Blighted with a serious heart condition, ill health forced Bill Vaswig to retire from leading a growing church in Southern California while still in his forties. Over several years I would listen attentively, often making copious notes, as this wounded healer explained what he had discovered about healing prayer, and I would watch him at work with a variety of sick people in both America and Britain.
In practical terms Bill showed me several things. For example, see each person’s story as unique. It is only in the context of God’s deep love for them individually that anyone should consider engaging with the process of healing. Little good can come from inappropriately attempting to pray for someone to be healed. But that should not stop anyone trying, or watching for healing to come over time. See doctors as God’s helpers, not in opposition to his intervention. ‘Start small’, Bill taught, ‘and don’t go for resurrections for a while’, he would joke. Also, as a usual discipline, pray under the authority and supervision of a local church and avoid going it alone. Always be pastorally sensitive, be wise about praying for the opposite sex, and maintain a healthy level of humour that doesn’t allow the experience to get intense.
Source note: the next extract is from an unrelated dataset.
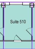 A corner suite just off the elevator, featuring an L shape and mid wall door permitting interior access to the adjacent office. Approximately 430 SF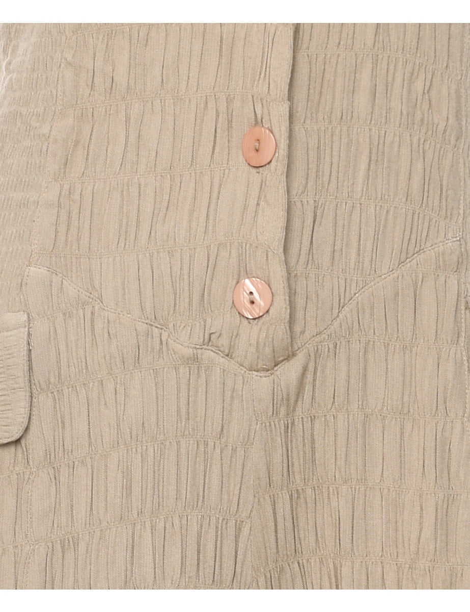 Button front playsuit in light brown with decorative pockets.

Why, I asked our mutual friend Dallas Willard, was Bill so effective in his prayer for people who came to see him? ‘Because he lives in a universe where these things happen — naturally and normally’, he said. Looking back on my own time with him, if Bill taught me anything it was that healing prayer is abiding prayer.
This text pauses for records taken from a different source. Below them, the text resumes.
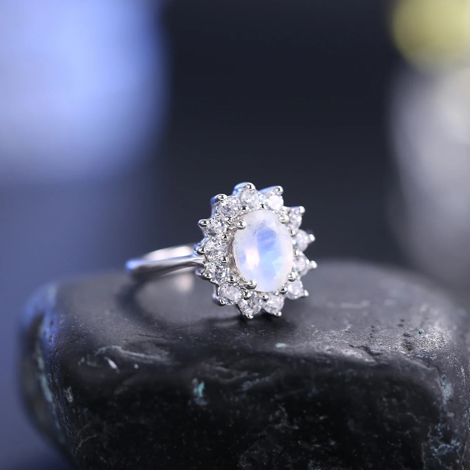 Moonstone and diamond cz ring (Mini) with an oval moonstone and cz promise ring for her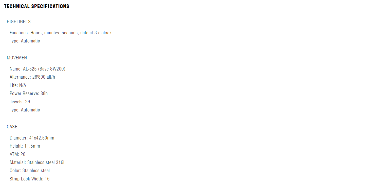 This Alpiner Extreme Automatic comes in a 41x42.50mm case with a rubber strap. The automatic movement boasts a 38h power reserve. The watch offers hours, minutes, seconds, date at 3 o'clock features.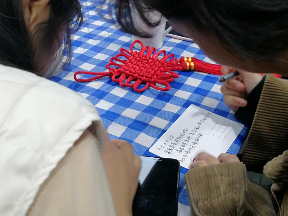 活动的最后,来自西藏的达瓦说:“今天是入学来最平凡不过的一天,但也是最特别的一天。由快猫 各位老师、班助小姐姐、还有各位护心工作室的小伙伴们特别为我们准备的一场暖心活动。很多环节都让我很感动,家人的问候视频、给远在家乡的亲人写明信片,还有用藏语、汉语、维吾尔语写的爱我中华的对联。还有很多很多令人感动的细节,不知道该如何表达…总之谢谢各位,谢谢各位老师在活动时给予的支持和鼓励,谢谢学院赠送的暖心小礼物。总之很感谢,让我们在压力巨大的期末月上感到很暖心。”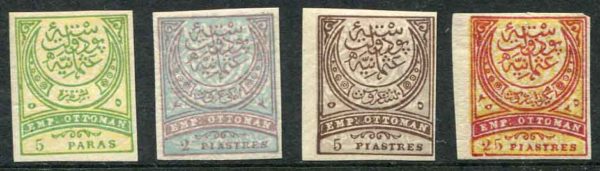 Türkiye: 1888 (13 March). UPU Empire imperforate unmounted mint set of four (25pi lightly hinged mint o.g). Isfila 129/132 DE11 * / **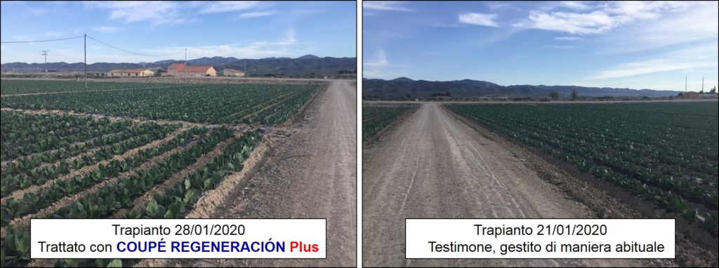 L’agricoltore ha applicato COUPÉ REGENERACIÓN PLUS a 60 L/ha su una parte della sua coltivazione (nella foto il lato sinistro della strada) il 12 febbraio e i risultati alla fine dello stesso mese erano molto evidenti:

Bill had himself been prayed for by a remarkable Christian woman when he was experiencing struggles of his own, and his faith had grown considerably as he ministered to hundreds of people over thirty-five years. His own experience of grace gave him the assurance that what he was praying for was real. Through his own careful study of Scripture, his brokenness and his many years of training and experience, Bill had developed the character to handle the precious gift of healing. I want to develop it too.
Small beginnings
On his last visit to the UK when Bill had all but stopped speaking in public about healing, he visited a community that had been badly hurt by unanswered prayer. Some years earlier a child of one of the elders had been very sick and the congregation gathered together to pray. But the girl died, and along with her died the church’s belief in prayer. Bill took me to one side and asked ‘why did they bring the church together when the Bible teaches that it is the elders who are to pray for the sick?’ (Jam 5:14) The point had never occurred to me, but Bill explained that the elders were considered to have the faith and character required to handle the power of prayer. ‘There will be people in the congregation who don’t believe in healing at all’ he told me ‘and this will have been a considerable block to God working’.
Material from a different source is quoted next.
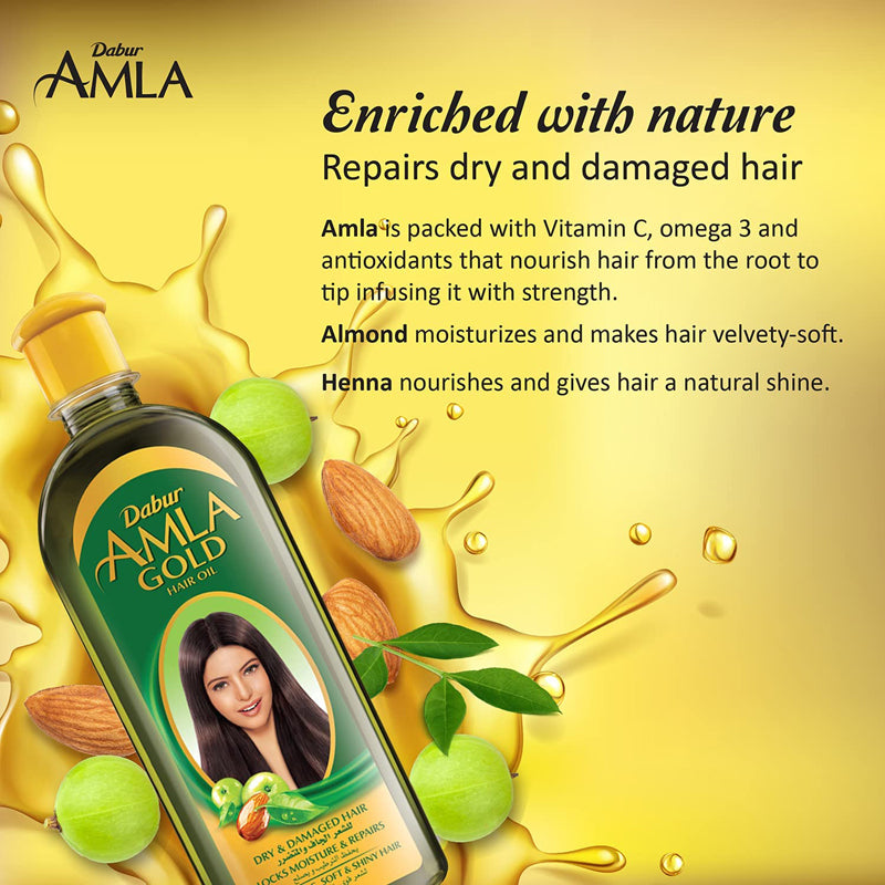• Dabur amla gold has a unique, natural & lightweight formula is enriched with amla, almond & henna It nourishes, moisturizes & shields hair from dryness giving you strong, soft & shiny hair Amla nourishes hair from root to tip to make it strong Almond, moisturizes & makes hair soft Henna, nourishes & makes hair shiny"

Over the next hour or so Bill lovingly listened, coaxed and challenged the little group back into believing that God might just be able to heal people after all. ‘Do you believe that God can save someone from their sins?’ he asked. Well of course he can, they replied. ‘Then what makes it harder for God to heal someone than to forgive them for their sin?’ A nice line, Bill. You just kick-started another church into trusting God again.